Dennis Gillings built a $4.2 billion global enterprise out of an idea he had as a PhD student in a trailer home at the University of North Carolina in the late 1970s. 

Those in the pharmaceutical industry told him it would never work—he was a statistician and had no experience in the industry.

Today, that company is Quintiles. It’s one of the most significant players in our region’s economy, employing 17,500 well-paid local “knowledge workers” and helping to spur a cluster of pharmaceutical companies in the region—82 operate in Research Triangle Park alone. Globally, Quintiles is the cream of the crop of contract research organizations for the pharmaceutical industry. It commercialized each of the top selling drug products on the market in 2013; its executives have testified before Congressional committees; and Gillings himself was appointed by British Prime Minister David Cameron as the World Dementia Envoy, leading a global council to raise money to combat Alzheimer’s Disease and other forms of dementia.
As he prepares to step down as chairman from the company he built over 33 years, the British-born Gillings has had time to reflect on a journey “tremendous” in many ways. That word was peppered throughout his closing speech at yesterday’s CED Life Science Conference in downtown Raleigh, where he shared the company’s history and provided advice to aspiring entrepreneurs and predictions about the next 10 years in the life science industry. His goal is for the region to enjoy as “tremendous” a journey as his own. 
Here are the three ways he suggests entrepreneur’s approach their businesses to do so.

Be visionary.

Gillings attributes Quintiles ascent to good timing and good vision.

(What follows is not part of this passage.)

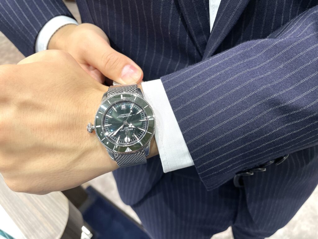 かっこいいですね〜!!!今までにないカラーのこのカーキ!強い緑でなく落ち着いた緑なのでファッションにも合わせやすいですね☺️また以前のスーパーオーシャンヘリテージと変わらず抜群の視認性👀時間が見やすいのももちろんですが羽織りものを使う時期でも圧倒的な存在感は気分が上がりますよね🫶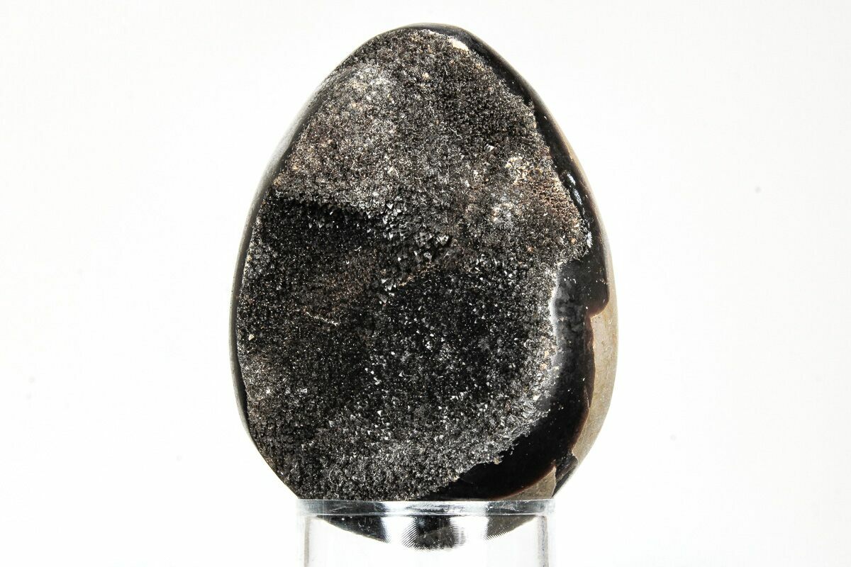 This is a really cool Septarian "Dragon Egg" geode collected in the Betsiboka Region of Madagascar. The hollow cavity is full of beautiful, black calcite crystals. It is a hollow septarian nodule, which has been polished into an egg shape, and the natural cracked pattern of the septarian gives it the appearance of a dragons egg. A spectacular display piece which would look great in your home/office or make a great gift for the Game of Thrones enthusiast you know.

The Triangle’s universities were providing the right education to the right kind of talent to build a company in the medical field. And he saw where the biopharmaceutical industry was heading—it would be global and entwined with the formation of the European Union. The regulatory environment in Europe would soon be a lot simpler to navigate.
So despite the company’s relatively small U.S. footprint and just $4 million in revenue, in 1987, he pushed the company to expand to Europe.
“Everyone advised me it was too quick,” he said. But Gillings saw the business as global from its beginnings. 

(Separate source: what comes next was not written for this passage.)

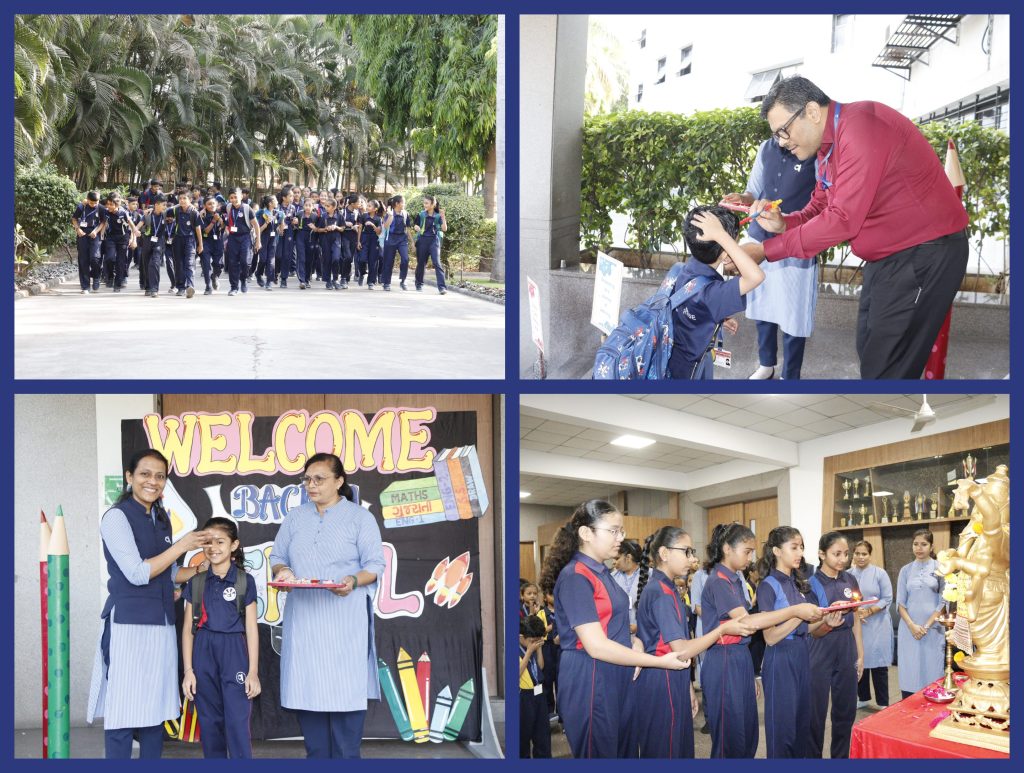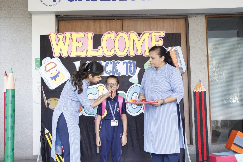 To make the first day truly auspicious, a traditional welcome ceremony was organized. Students were greeted with a tilak ceremony, symbolizing blessings, respect, and a positive start to their academic journey. The presence of spiritual values added a meaningful touch to the reopening of the school.

“Recognizing a big market that was going to come about was a very important step. We had to be full service, not just statistical consultants,” he told the crowd. That meant also investing in information technology—regulators would soon rely on the collection and analysis of data, so Gillings pushed Quintiles to think of the drug development process as an information one.
By the company’s first IPO in 1994, sales reached $90 million. His goal was then to hit $1 billion in revenue by the end of the 1990s and Quintiles reached it in 1998. Gillings’s belief in vision can be summed up by his favorite quote by Wayne Gretsky: “I don’t skate to where the puck is. I skate to where it’s going to be.”
For life science entrepreneurs, that means watching the revolutions in genetics and information technology and the convergence of the two. New therapies can be created at a molecular level, and analysis of electronic health records and population data can help evaluate and predict health outcomes and risks, allowing for evidence-based medicine or personalization of therapy as well as better preventative care.
Social media is also important, he said, citing the global impact of the ALS Ice Bucket Challenge.

Be a financier.

Visionaries are only successful if they understand finance well or have a trusted colleague or advisor who does. A good financier knows how to predict storms and weather them. For example, though Quintiles stock price multiplied by 12 in the 1990s, the Internet crash caused the market to turn against the company. Good financiers helped Gillings decide to privatize. 
Investment banks at the time said services companies can’t go private but he had the financial wherewithal to buck the trend and lead the deal to privatize himself. That leadership helped him bring in equity partners to complete the deal. Once private, Gillings led the charge to invest more than $1 billion in information technology, growing the company to the point that it could once again file a public offering.
His advice: “Understand financial mechanisms and strategies and be prepared to raise money when there is a market opportunity.”

Be an architect.

Build a strong leadership team that can handle a company’s complexity as it grows. One of Gillings proudest accomplishments is the depth of experience and leadership in Quintiles’ executive team, evidenced by the accolades listed above.
What makes a good architect? “Know when to talk and when to listen and remember that employees value quality and integrity as highly as customers do,” Gillings said. “They see through crass statements.”
A difficult and emotional decision during his career was to step down as CEO when the company chose to go public again in 2013. He knew it was best for the company after 30 years. Equally challenging was the search for a new CEO that could take the company even further than he did. He found that in now CEO Tom Pike, with whom he’s formed “a good partnership.”
Another important quality of an architect? The ability to create excitement. 
“If you’re excited about the opportunity, you can make other people excited about it too,” he told the crowd. “Excitement inspires people to give their best. It also makes life fun.”